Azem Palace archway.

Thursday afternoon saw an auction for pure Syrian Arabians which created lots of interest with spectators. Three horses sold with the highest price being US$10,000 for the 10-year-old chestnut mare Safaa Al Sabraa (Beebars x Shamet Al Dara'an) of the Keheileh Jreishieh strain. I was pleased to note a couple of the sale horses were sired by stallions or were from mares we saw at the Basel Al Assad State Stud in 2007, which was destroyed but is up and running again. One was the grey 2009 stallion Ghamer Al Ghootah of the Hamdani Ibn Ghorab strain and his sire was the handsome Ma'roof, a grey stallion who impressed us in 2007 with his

...

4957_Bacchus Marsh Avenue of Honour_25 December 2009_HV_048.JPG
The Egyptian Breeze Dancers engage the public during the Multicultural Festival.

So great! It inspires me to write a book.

* * *

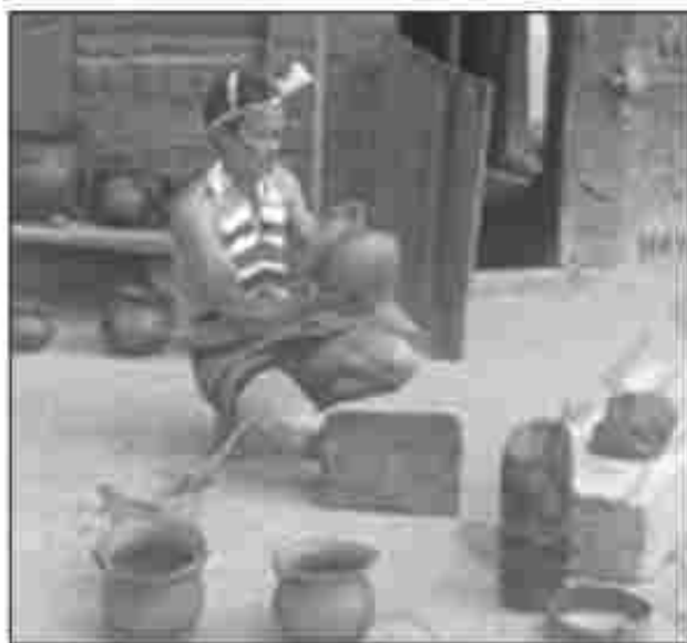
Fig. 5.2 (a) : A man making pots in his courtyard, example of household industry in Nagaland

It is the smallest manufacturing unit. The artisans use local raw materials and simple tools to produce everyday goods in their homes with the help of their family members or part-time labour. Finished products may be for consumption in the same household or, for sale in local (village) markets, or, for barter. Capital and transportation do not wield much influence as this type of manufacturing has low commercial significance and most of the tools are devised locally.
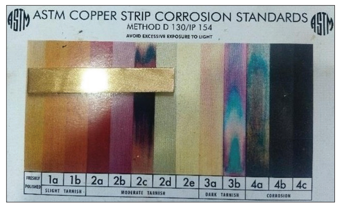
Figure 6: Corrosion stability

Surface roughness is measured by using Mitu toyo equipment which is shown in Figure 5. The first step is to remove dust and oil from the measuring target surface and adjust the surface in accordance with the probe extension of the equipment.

▶ [WORK TASK] Among the records above, repeat exactly the line with "Figure 6: Corrosion stability", the line with "Surface roughness is", and every line in between, and only those.

▶ [RESPONSE BOX]
Figure 6: Corrosion stability

Surface roughness is measured by using Mitu toyo equipment which is shown in Figure 5. The first step is to remove dust and oil from the measuring target surface and adjust the surface in accordance with the probe extension of the equipment.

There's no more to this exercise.